Additionally, a sensor groove 414 may be formed on the upper surface of the tray body 41. The temperature sensor 77 may be inserted into the sensor groove 414 while being mounted on the temperature sensor mounting part 614. Additionally, the temperature sensor 77 may measure the temperature that determines completion of ice-making by being in contact with the first tray 40 within the sensor groove 414.

Additionally, a terminal groove 415 may be formed on the upper surface of tray body 41. The terminal groove 415 may accommodate a terminal 78 connecting the electric wire of the heater 48 and the electric wire 781. Accordingly, the heater 48 and the terminal 78 provided in the tray body 41 do not protrude from the tray body 41 and do not interfere with the flow of cold air.

Additionally, a tray rib 416 may be formed on the upper surface of the tray body 41. The tray rib 416 may be formed along a position corresponding to the guide edge 622 of the cold air guide part 62.

Meanwhile, the tray mounting part 431 may be formed at the front end of the tray body 41. The tray mounting part 431 may extend upward from the front end of the tray body 41. Additionally, a pair of tray mounting parts 431 may be provided on both left and right sides.
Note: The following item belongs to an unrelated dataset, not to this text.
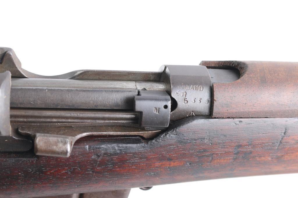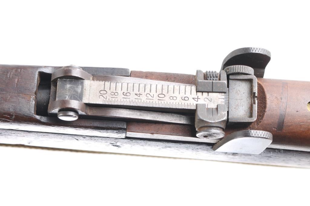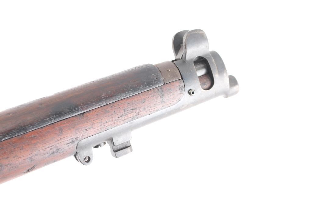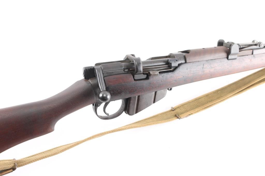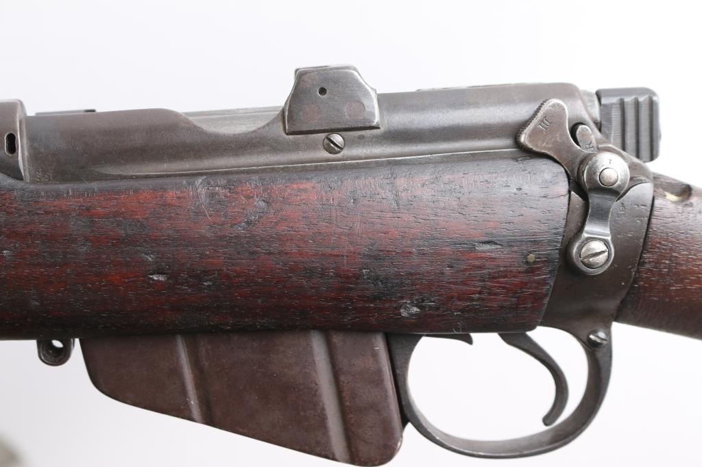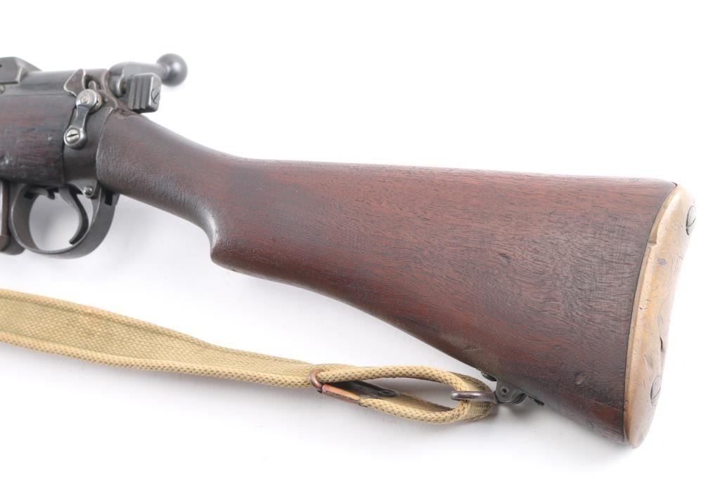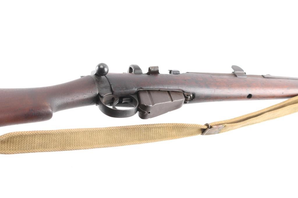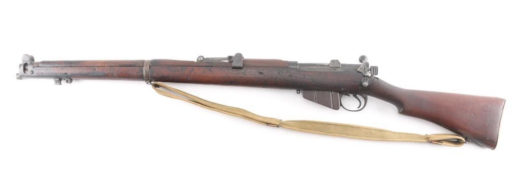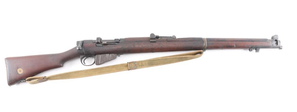 This is a nice example of a Birmingham Small Arms SHT LE Mk III Rifle, issued to the British military during WW1. There are British proofs throughout. Stock collar marked Crown over G.R, stands for George Rex, referencing King George V. 1914/Sht LE/III. This rifle also retains its original magazine cutoff. This feature, which allows for the loading of single rounds in the chamber while keeping the 10 rounds in the magazine untouched, was eventually eliminated from all of these rifles entirely as being unnecessary, so finding an example that still has one intact is uncommon. Slotted charging bridge on receiver. 25" barrel, one band, metal nose cap incorporating protected front blade sight, sling swivel, bayonet lug, tangent type rear sight numbered 1-20, full length stock with brass disc unmarked, brass butt plate with trapdoor, retains most of blue finish, with friction wear on the bolt, handling wear, turning a brown patina in places, bore is very good/bright, strong rifling, action is smooth, wood is good/sound with three old arsenal wood plug repairs on the comb, toe, and under the rear right receiver. Right chamber stamped "England" over the serial number. Correct green web sling attached marked "H, G, & R, Ltd, 1917. No import marks.

A screw hole is formed in the tray mounting part 431, and the screw passing through the screw hole may secure the first tray 40 to the mounting member 26.

A tray support part 417 may be further formed at the front end of the tray body 41. The tray support part 417 extends downward from the front end of the tray body 41 and is in contact with the mounting member 26 to maintain the horizontal mounting state of the first tray 40. The tray support part 417 is located between the tray mounting parts 431, and a pair of tray support parts 417 may be provided on both left and right sides. The first tray 40 may be stably mounted and maintain its position despite the rotational force generated when the ice maker 30 operates due to the tray mounting part 431 and the tray support part 417 extending in the vertical direction.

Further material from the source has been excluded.